Potent and selective inhibition of SARS coronavirus replication by aurintricarboxylic acid.

The severe acute respiratory syndrome virus (SARS) is a coronavirus that instigated regional epidemics in Canada and several Asian countries in 2003. The newly identified SARS coronavirus (SARS-CoV) can be transmitted among humans and cause severe or even fatal illnesses. As preventive vaccine development takes years to complete and adverse reactions have been reported to some veterinary coronaviral vaccines, anti-viral compounds must be relentlessly pursued. In this study, we analyzed the effect of aurintricarboxylic acid (ATA) on SARS-CoV replication in cell culture, and found that ATA could drastically inhibit SARS-CoV replication, with viral production being 1000-fold less than that in the untreated control. Importantly, when compared with IFNs alpha and beta, viral production was inhibited by more than 1000-fold as compared with the untreated control. In addition, when compared with IFNs alpha and beta, ATA was approximately 10 times more potent than IFN alpha and 100 times more than interferon beta at their highest concentrations reported in the literature previously. Our data indicated that ATA should be considered as a candidate anti-SARS compound for future clinical evaluation.

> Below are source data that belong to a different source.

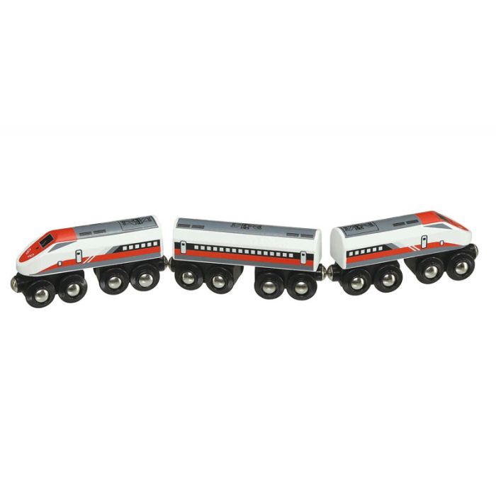 This Bullet Train set will be sure to put a smile on any little train engineer in the making. Nicely painted with a modern design, this finely crafted wooden train will entertain for hours on end. This train is also compatible with all major wooden railway systems and is manufactured using the highest quality wood as well as the highest safety stands in the industry.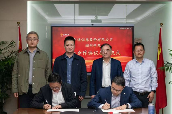 2023年4月7日,开元(中国)与财通证券股份有限公司校企合作签约仪式在财通证券股份有限公司湖州分公司举行。财通证券股份有限公司党委副书记胡国华、财富业务总部总经理陶雪峰、组织和人力资源部副部长耿昱龙;开元(中国)副校长李祖欣、教务处副处长、经济管理学院副院长、经济与金融专业执行负责人等人出席仪式。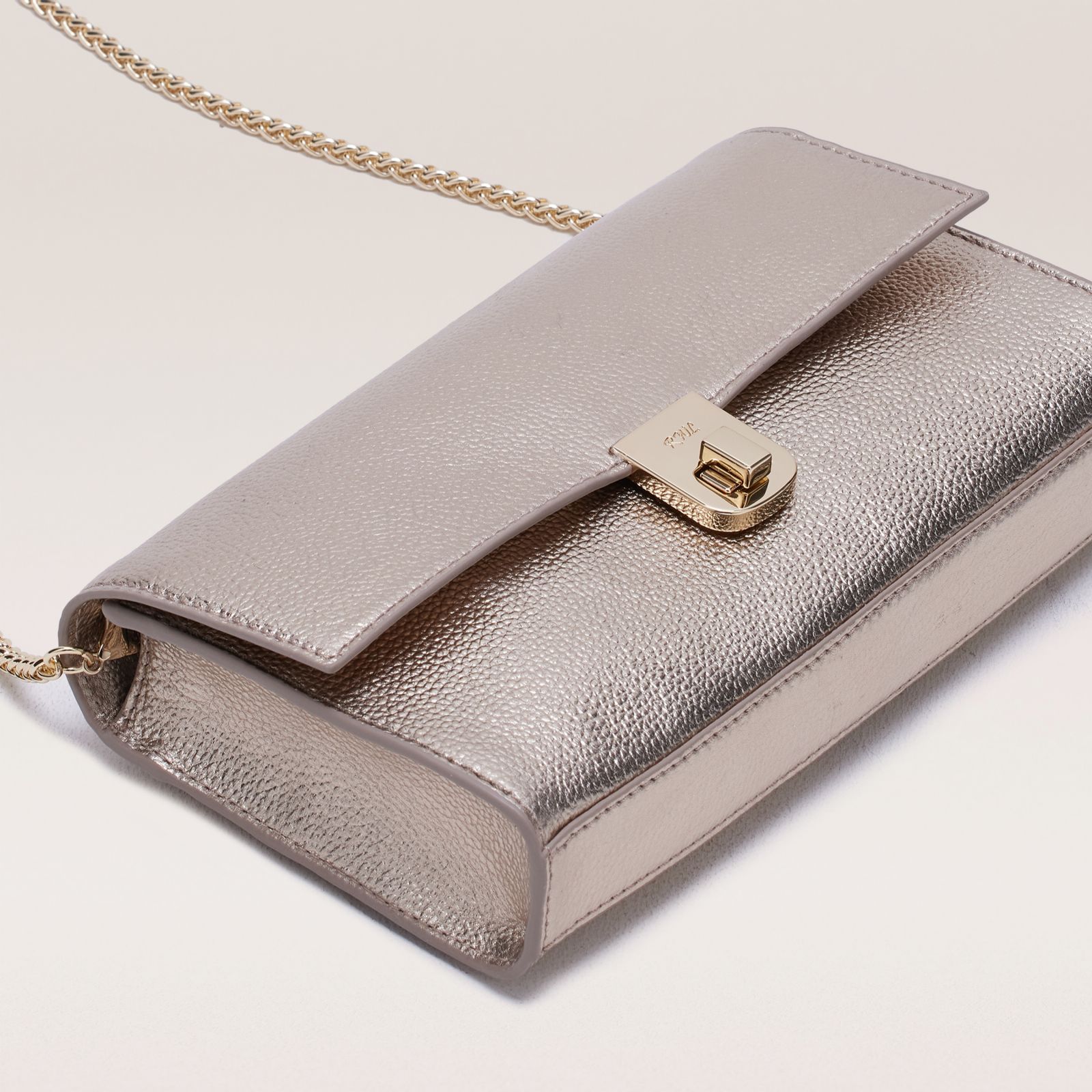 Be the main event with the Ruth Langsford flap cross-body occasion bag. This exquisite leather bag, adorned with a chic branded lock, is perfect for any event. Its spacious main compartment, complemented by a large zip pocket and slip pocket, ensures your essentials are always at hand. The detachable long chain handle adds a touch of versatility, allowing you to wear it over the shoulder or across the body. Whether you're heading to a party or a casual outing, this bag is your ideal companion.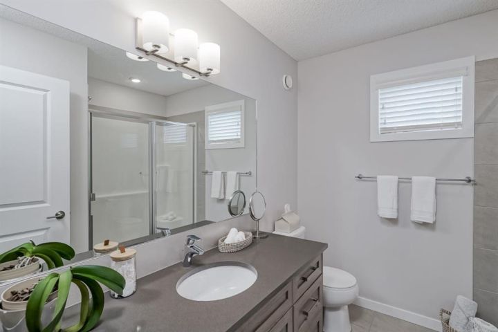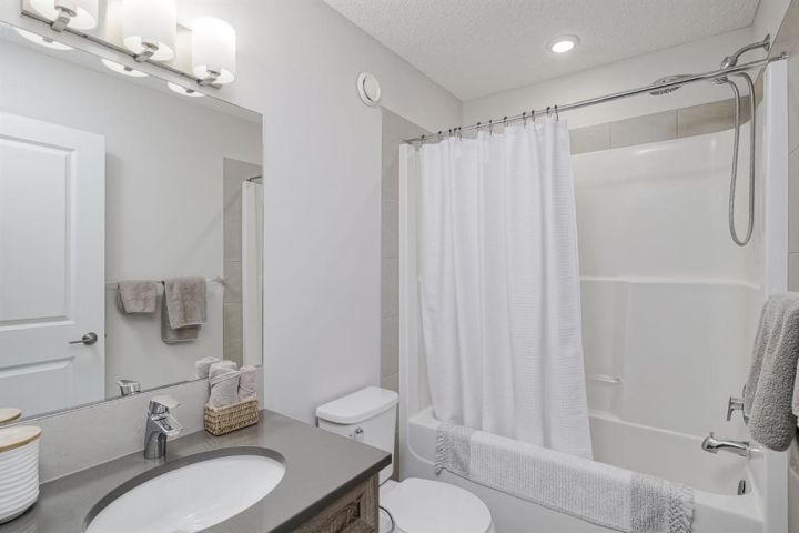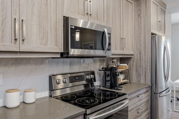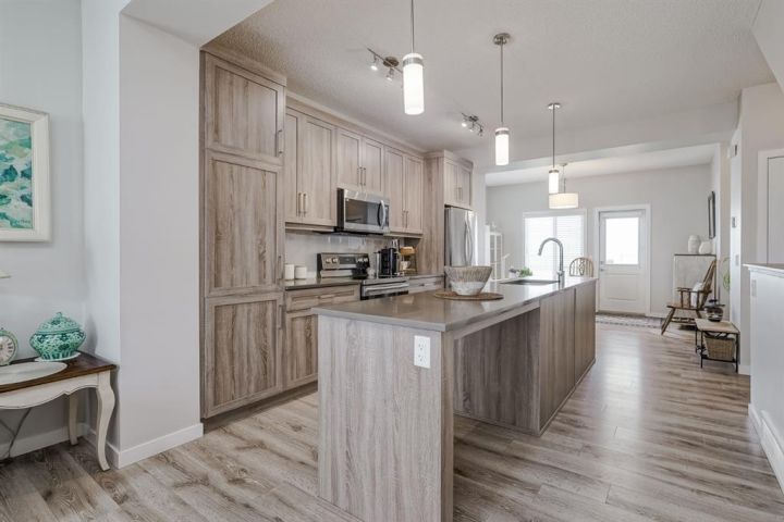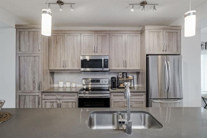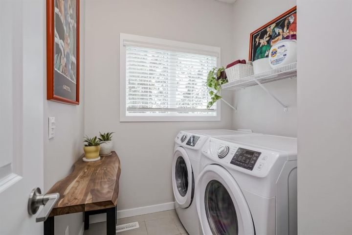 Designed for both comfort and style, the bright open-concept layout features 9-ft ceilings, triple-pane windows, and premium finishes throughout. The modern kitchen showcases quartz countertops, upgraded Samsung appliances, soft-close cabinetry, and a large island perfect for entertaining. You’ll also appreciate the ample-sized laundry room conveniently located on the main floor, adding to the home’s functionality and day-to-day ease. Step onto the oversized balcony with a gas BBQ line to relax or host outdoors.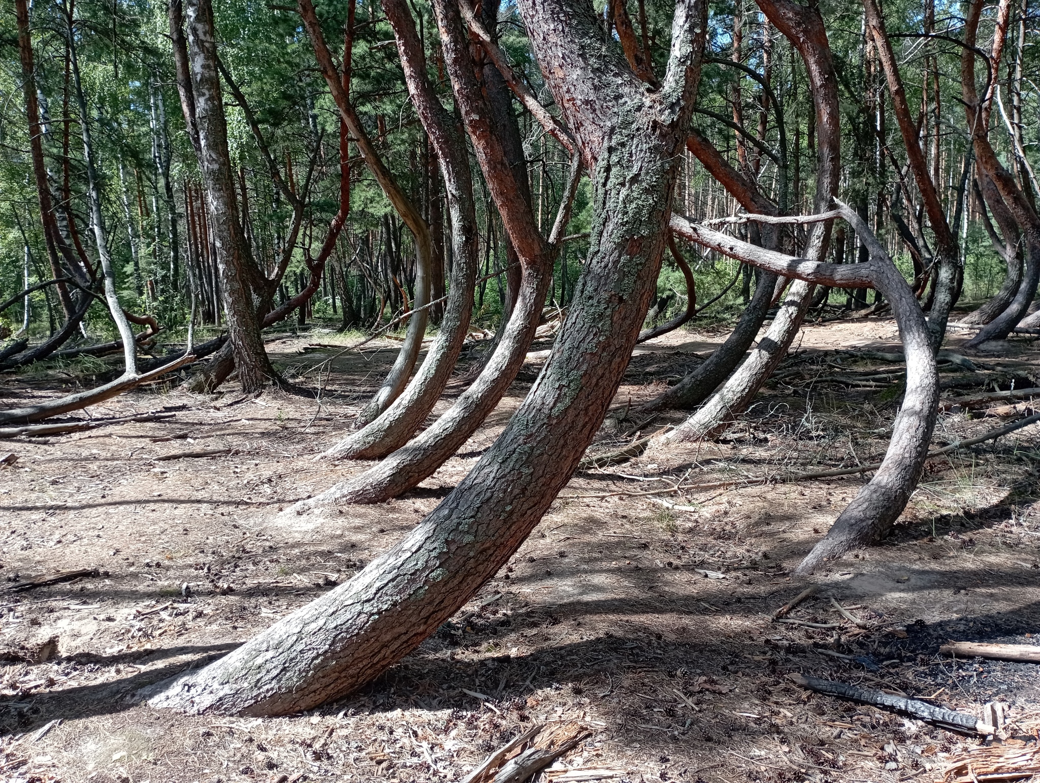 4) Танцующий лес под Рязанью. Много версий есть, почему деревья бубликами закручены…Местные рассказывают про смерч в 60-х годах, кто-то говорит о пришельцах. Любители потолковать про энергетику говорят о разломах…короче, место крайне любопытное.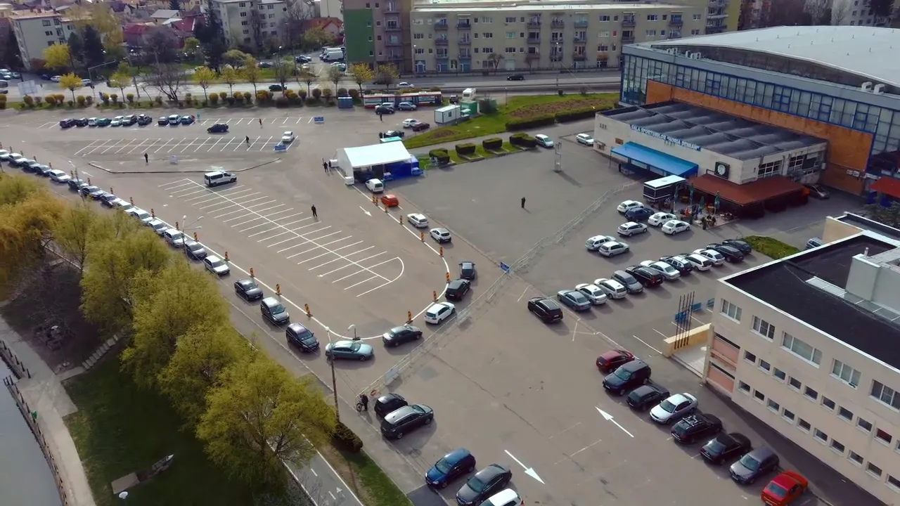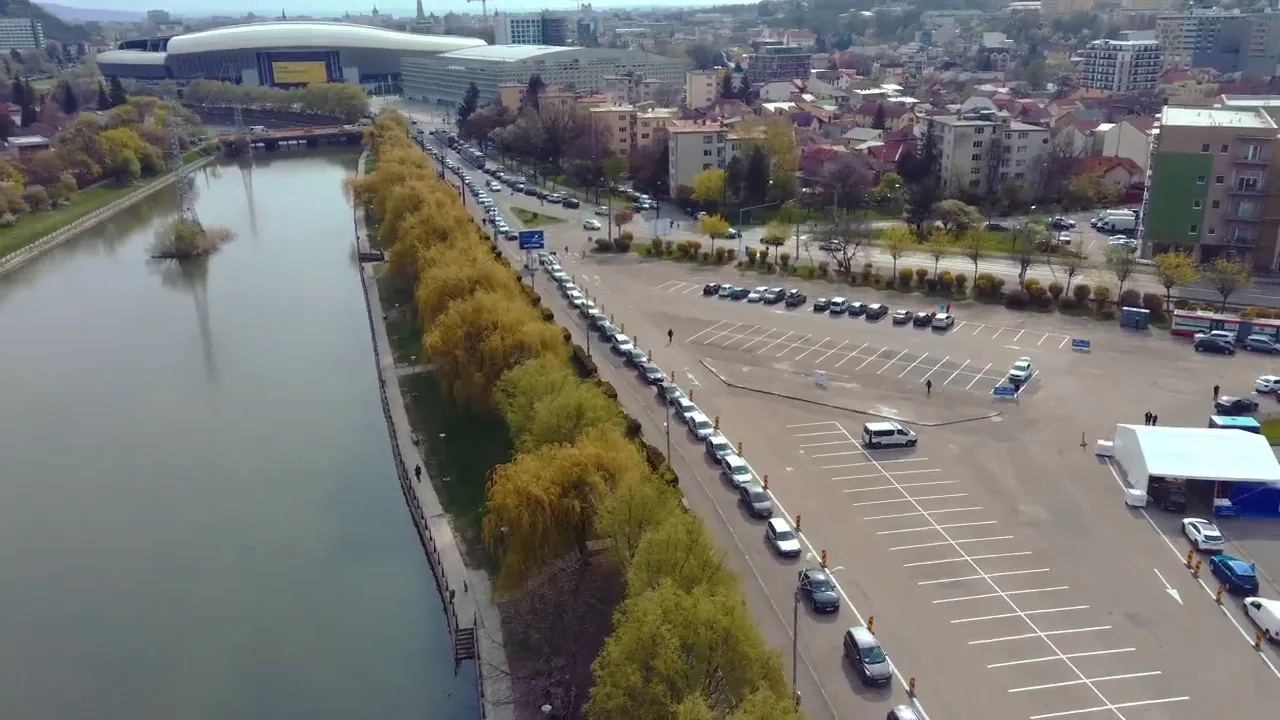 Imaginile aeriene din zona platoului Sălii Sporturilor Cluj, unde s-a deschis centrul de vaccinare ”drive through” (din mașină) sunt dătătoare de speranță.

A new coronavirus that caused severe acute respiratory syndrome (SARS) was identified in early 2003, and subsequently named as SARS coronavirus (SARS-CoV). The virus has a high tendency to spread among humans, and the mortality can be as high as 10–15% [1], [2]. The complete understanding of pathogenesis of SARS remains tentative, a recent histological study using SARS-CoV-infected patient lung samples found that diffuse alveolar damage may play important roles in the progression of the disease [3]. Even though there was a significant morbidity drop this year, the likelihood of evolution of SARS-CoV in human and animals may result in a re-emergence of the deadly virus.

Coronaviruses are enveloped viruses with single-stranded positive-sense RNA genomes approximately 30 kb [4]. Most viruses in coronavirus family cause diseases in animal, while a few of them; such as HCoV-229E, HCoV OC43, HCoV-NL-63, and SARS-CoV are human pathogens [5], [6], [7]. Among all human coronaviruses, SARS-CoV is the only one that causes severe clinical consequences. Sequence comparisons of SARS-CoV genome sequences from different patient isolates revealed high homology; yet, the sequence difference between SARS-CoV and other coronaviruses is significant. There are about 15 predicted open reading frames, among them six can be linked to other known coronavirus genes. These genes are 1a–1b, spike (S), envelope (E), membrane (M), and nucleocapsid (N), which was found to be in a multimeric form and involved in host cell signal transduction regulations [8], [9]. The rest of ORFs may encode genes with unknown functions [1].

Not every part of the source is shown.